I feel hungry.
That tastes so good!
I really have a craving for a big, juicy hamburger!
For years, the fact that most people get hungry and enjoy food did not register with. I did not feel hunger pains and food was simply something to be avoided. I rarely ate, and when I did, I ate the blandest, most boring food possible.
A piece of thinly sliced turkey.
A small portion of rice sans salt, butter, or seasoning.
It really was easy for me to starve myself at first.
But the body has ways of protecting itself in spite of the poor choices we sometimes make. I would go days barely eating, and then break down and eat something. Something verboten, like ice cream or cake or cookies.
Then I would reign in control, not realizing that it was the anorexia that really was in control.
Lately, though, it feels like I’m hungry all the time.
Like today. I missed breakfast, and by the time I got around to getting lunch, it was about 2;30 p.m.
I was ravenous. My stomach twisted in pain and my mouth was dry. I needed food, NOW!

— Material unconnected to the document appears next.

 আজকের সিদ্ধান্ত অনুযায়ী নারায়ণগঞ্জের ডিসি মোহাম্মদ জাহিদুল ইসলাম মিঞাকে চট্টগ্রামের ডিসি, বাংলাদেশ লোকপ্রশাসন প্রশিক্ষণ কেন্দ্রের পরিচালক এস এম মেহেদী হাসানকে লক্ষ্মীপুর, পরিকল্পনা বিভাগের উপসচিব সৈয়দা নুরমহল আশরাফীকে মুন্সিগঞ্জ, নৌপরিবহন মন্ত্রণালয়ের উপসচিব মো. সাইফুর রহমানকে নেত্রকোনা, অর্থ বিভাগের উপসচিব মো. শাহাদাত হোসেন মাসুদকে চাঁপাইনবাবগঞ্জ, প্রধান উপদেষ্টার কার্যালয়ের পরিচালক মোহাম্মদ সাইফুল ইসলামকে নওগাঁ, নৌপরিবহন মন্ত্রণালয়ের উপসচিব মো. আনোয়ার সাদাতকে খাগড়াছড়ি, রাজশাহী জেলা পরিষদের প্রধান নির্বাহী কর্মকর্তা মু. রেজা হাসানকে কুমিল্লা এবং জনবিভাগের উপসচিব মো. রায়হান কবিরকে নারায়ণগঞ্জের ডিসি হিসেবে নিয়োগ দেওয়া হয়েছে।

And pity the person who tried to stop me from getting some food.
The first time I felt hunger pains — after years of suppressing these very natural urges — I was terrified. It was during my first hospitalization for anorexia. One morning I woke up, my stomach growling. Hey! What was that? Oh no! I’m hungry. I want breakfast. No I don’t. Yes I do. What does this mean???

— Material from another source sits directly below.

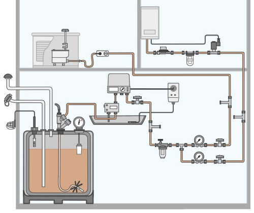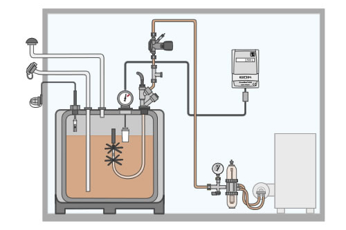 These installations are subject to the requirements for an oil firing installation in the commercial business and in the public sector according to Section 62, Paragraph 2 WHG (in Germany). The fuel oil can only be fed to the consumer equipment via pressure lines by means of an oil feed pump.

It meant that my body was restoring itself. But I also thought it meant I had lost control over my body.
So to feel hunger was akin to failure.
I was in and out of hospitals for years, struggling to recover and yet fighting it at the same time. I would watch my fellow eating disorder patients add salt, mustard, and ketchup on their food, and I simply was baffled. Why?
One patient explained it this way: if you rarely eat, you want to taste something, anything. It was the same thing as chewing on ice. It gave the illusion of fulfillment.

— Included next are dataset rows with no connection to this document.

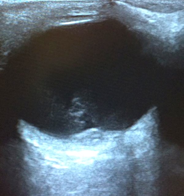 En la exploración se encontró una agudeza visual en OD de visión de cuenta dedos a 1 metro y en ojo izquierdo (OI) de 10 décimas. A la biomicroscopía no se detectaron particularidades en ambos ojos, sin presencia de reacción en cámara anterior. La presión intraocular era de 11 mmHg en AO. La paciente no pudo realizar el test de Amsler en su OD y en el OI era normal. Fondo de ojos: en el OD se observó una lesión macular con resto de retina aplicada sin hemovítreo ni lesión vascular periférica. El OI estaba normal. Se solicitó interconsulta a centro de mayor complejidad donde le realizaron una tomografía de coherencia óptica (OCT), una ecografía ocular modo B, que trajo la paciente a las 48 horas. En el OCT se observó la extensa afectación macular (fig. 1) también reflejada en la ecografía (fig. 2), interpretándose el cuadro de hemorragia prerretinal en área macular en contexto de maniobra de Valsalva. Se evaluó posibilidad quirúrgica con retinólogo, que viajó a examinar a la paciente a Río Grande, pero considerando riesgos/beneficios y en el contexto traumático de su reciente aborto, la paciente decidió no tratarse quirúrgicamente y mantuvo tratamiento tópico quedando con colirio de bromfenac 0,09% cada 6 horas durante 4 meses.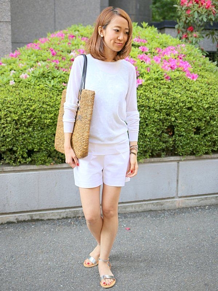 ストローハットやかごバッグ、サンダルなど夏らしいアイテムのものを取り入れると抜け感UPで今年らしい仕上がりになります♪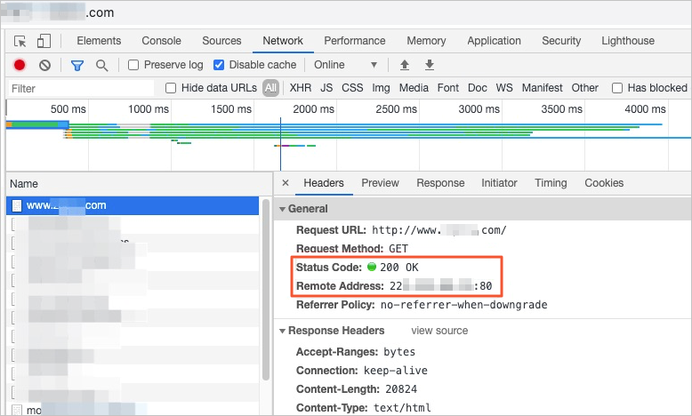 - 如果Remote Address后的IP和您在hosts文件中绑定的IP不一致,表示配置不正确,您需要检查hosts文件中绑定的IP地址是否正确,确保该IP地址是CNAME地址的IP。

Okay, so every one’s eating disorder is different. Some people starve themselves. Some people eat massive amounts of calories and purge. Some people ascribe to the calories in/calorie deficit model of restriction.
Then there was me. I exerted an iron-clad control over my hunger and food intake. Cup of yogurt for breakfast? Check. Two thin slices of turkey? Check. One-third cup of rice? Check. No butter. No milk. No chicken. No flavor.
Bland bland bland.
But as I said before, the body will eventually take over control and demand to be fed. And sometimes that can backfire and cause a binge.
It is one of my greatest fears. Unfounded, as I have not shown any propensity to binge. But for someone who is such a control freak, the idea of eating out of control is terrifying.
I still struggle to ascertain what is normal eating and what is binging. Was it the ten Oreos that I had for dinner one night? Just because they tasted good and by God I had not had Oreos in more than ten years? Was it the fact that I could not wait until I reached home to eat three of my Chicken McNuggets this afternoon? Or that I absolutely craved a hamburger tonight, and then proceeded to eat McDonald’s Angus Deluxe — every, single bite, even picking up the little bits of bacon that had slid off?
Wait. Did I just write I craved something? That can’t be. I never crave food.
Is that true now? Or am I slowly changing?
Food and hunger are still scary for me. I don’t want to overeat, but I am determined to put my anorexia behind me. Sometimes I still find it hard to believe that I can have a normal, healthy relationship with food. Sometimes I fear becoming overweight and a slave to food.
But wasn’t I a slave to food when I was starving? A slave to controlling my desires, denying my hunger?